Sound Education stands before me symbolized by a tree planted near fertilizing water. A little seed, which contains the design of the tree, its form and proportion, is placed in the soil. See how it germinates and expands into trunk, branches, leaves, flowers and fruit! The whole tree is an uninterrupted chain of organic parts, the plan of which existed in its seed and root. Man is similar to the tree. In the newborn child are hidden those faculties which are to unfold during life.>

The metaphor reveals very neatly how the Jacobin theory inhibits education. In no way that is relevant to the problems of politics and education is a man similar, as Pestalozzi says he is, to a tree which is planted near fertilizing water. For the tree will never, no matter how fertilizing the water near which it is planted, grow up and take to writing treatises, as Pestalozzi did, on the education of trees and how to raise the best trees from all the little saplings. The tree will never worry about whether its little saplings are going to be planted near the most fertilizing of the waters. The educator of a tree is, in short, not another tree. The educator of a tree, the man who plants it near the fertilizing water, is a being so radically different from a tree that the tree is incapable of being aware of his existence. If, however, the tree were enough like a man to notice such things, the teacher of the trees who cultivates them would be worshipped as the god of trees.
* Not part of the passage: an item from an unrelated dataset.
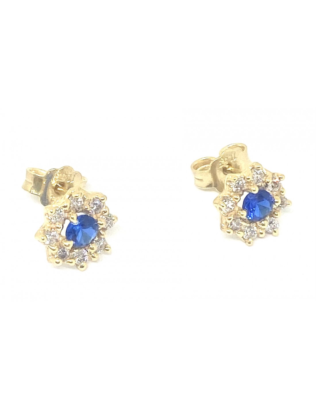 Χρυσά Σκουλαρίκια Καρφωτά με Μπλε Ζιρκόν και Λευκές Πέτρες

Pestalozzi's trees are, in fact, a caricature, but a telling one, of the educational vacuum created by the Jacobin theory. The tradition of the trees is transmitted in their seed, and the older trees are unable to teach and the saplings are unable to learn. Each tree exists for itself, drawing what it can from the fertilizing waters if they happen to be there. Now if human education is founded upon this notion, it must fail to transmit the moral system, indeed the psychic structure, of a civilized society. Relying upon the inherent rightness of the natural impulses of man's first nature, the Jacobin theory does away with the second civilized nature, with the ruler of the impulses, who is identified with the grand necessities of the commonwealth. It overthrows the ruler within each man, -- he who exercises 'the royal and politic rule' over his 'irascible and concupiscible powers.'

When reason no longer represents society within the human psyche, then it becomes the instrument of appetite, desire and passion. As William Godwin said in 1798: 'Reason is wholly confined to adjusting the comparison between the different objects of desire and investigating the most successful mode of attaining those objects.' More than a hundred years later (1911) Prof. William MacDougal put it this way: 'The instinctive impulses determine the end of all activities, and ...all the complex intellectual apparatus of the most highly developed mind is but ...the instrument by which those impulses seek their satisfactions ....' Or, as Bernard Shaw has it, 'Ability to reason accurately is as desirable as ever, since it is only by accurate reasoning that we can calculate our actions so as to do what we intend to do -- that is, to fulfill our will.'

If it is the role of reason merely to be an instrument of each man's career, then the mission of the schools is to turn out efficient careerists. They must teach the know-how of success, and this--seasoned with the social amenities and some civic and patriotic exhortation-- is the subject matter of education. The student elects those subjects which will presumably equip him for success in his career. The rest are superfluous. There is no such thing as a general order of knowledge and a public philosophy, which he needs to possess.